_What to work on_: For this listing, reproduce the line with "Студия, 21.4 м², 9/25 этаж", the line with "エアコンの風が直接当たらない", and the lines between, exactly as they stand. Leave out pictures and all other lines.

_Information given_:

*****

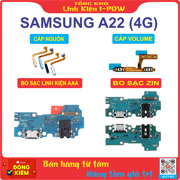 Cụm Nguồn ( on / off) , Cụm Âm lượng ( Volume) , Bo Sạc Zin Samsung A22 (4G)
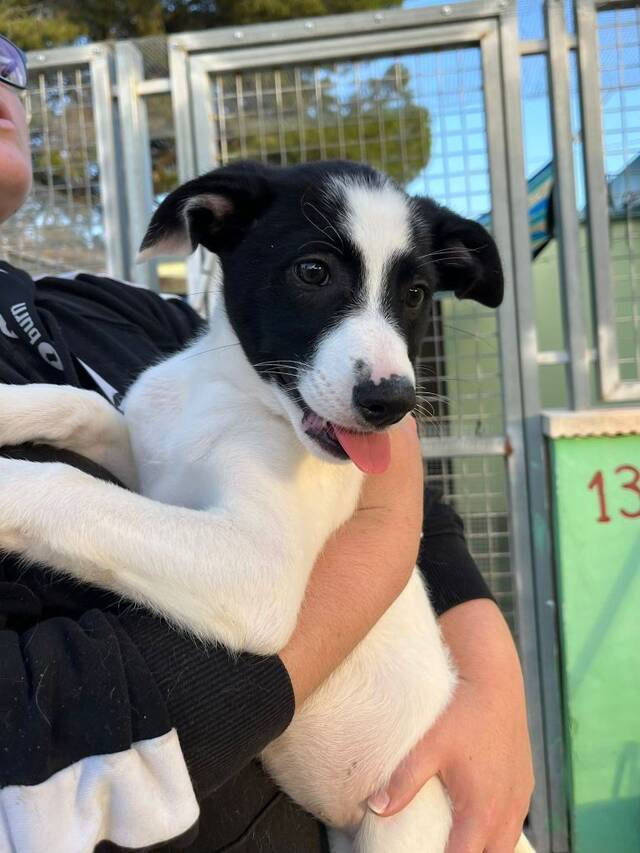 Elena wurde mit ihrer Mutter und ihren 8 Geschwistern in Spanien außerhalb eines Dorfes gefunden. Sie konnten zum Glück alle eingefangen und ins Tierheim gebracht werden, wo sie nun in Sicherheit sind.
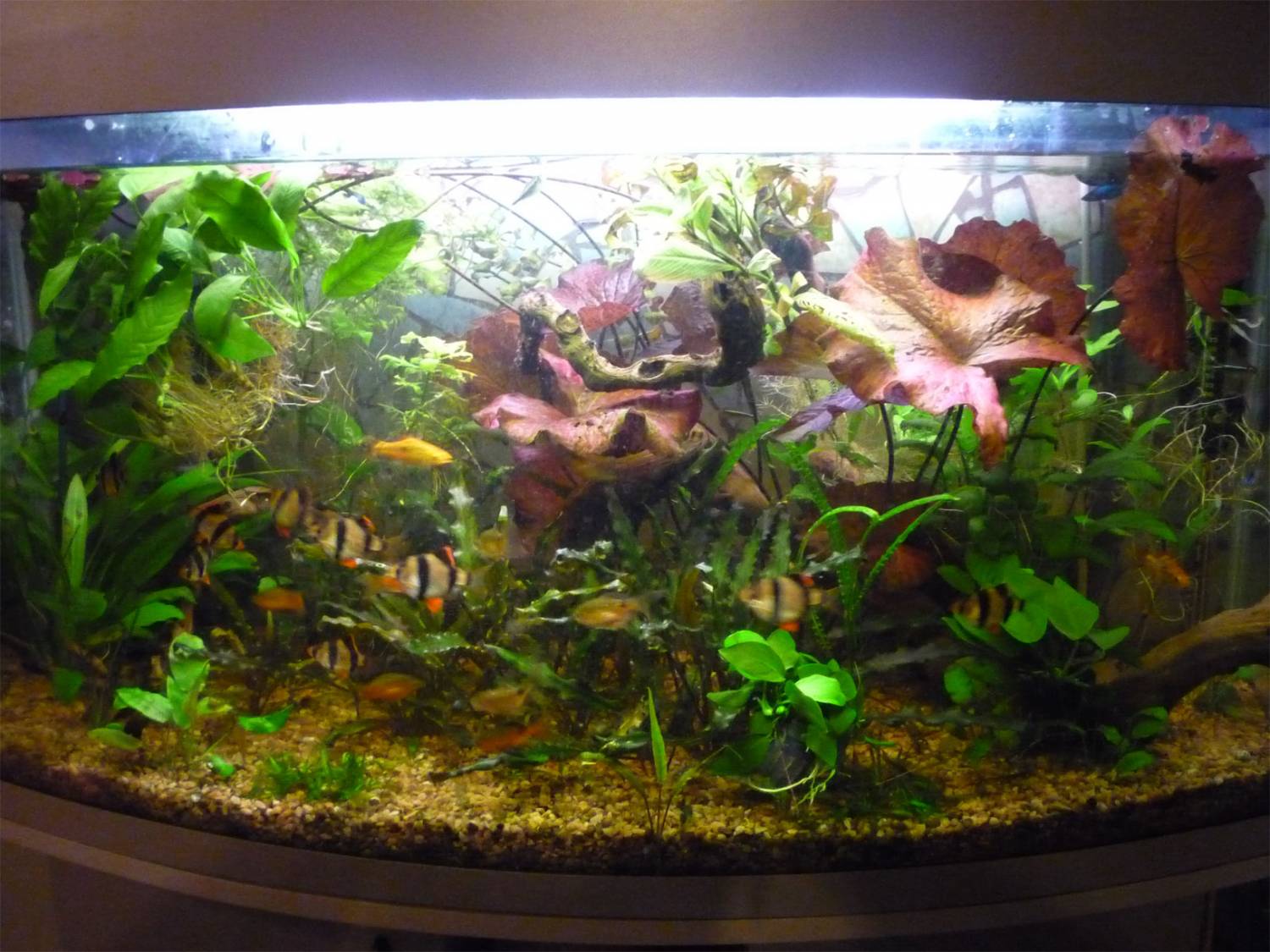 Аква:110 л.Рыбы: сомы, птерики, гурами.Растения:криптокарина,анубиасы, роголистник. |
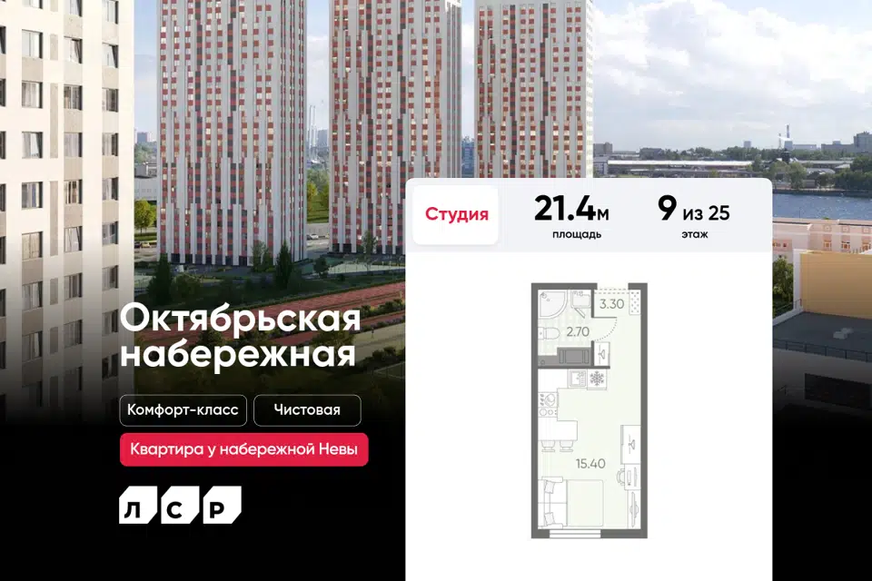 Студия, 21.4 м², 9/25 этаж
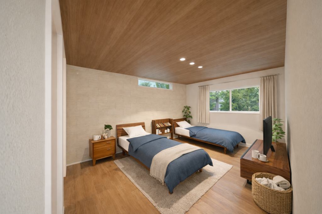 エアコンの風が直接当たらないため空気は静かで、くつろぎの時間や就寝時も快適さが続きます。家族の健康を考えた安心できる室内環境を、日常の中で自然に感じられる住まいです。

*****

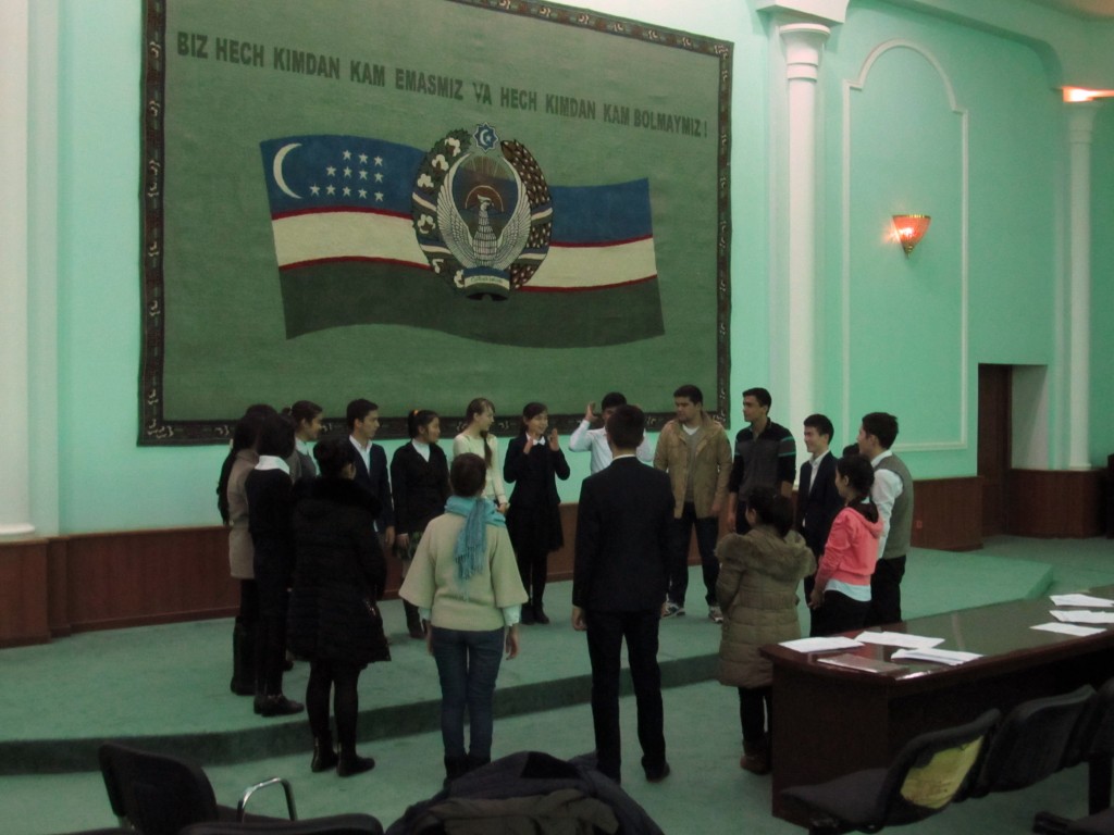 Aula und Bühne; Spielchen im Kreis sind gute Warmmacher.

*****

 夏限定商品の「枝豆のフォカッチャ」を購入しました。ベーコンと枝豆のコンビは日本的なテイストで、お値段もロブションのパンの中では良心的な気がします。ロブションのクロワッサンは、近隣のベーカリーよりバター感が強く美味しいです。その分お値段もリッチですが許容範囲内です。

*****

_Solution_:
 Студия, 21.4 м², 9/25 этаж
 エアコンの風が直接当たらないため空気は静かで、くつろぎの時間や就寝時も快適さが続きます。家族の健康を考えた安心できる室内環境を、日常の中で自然に感じられる住まいです。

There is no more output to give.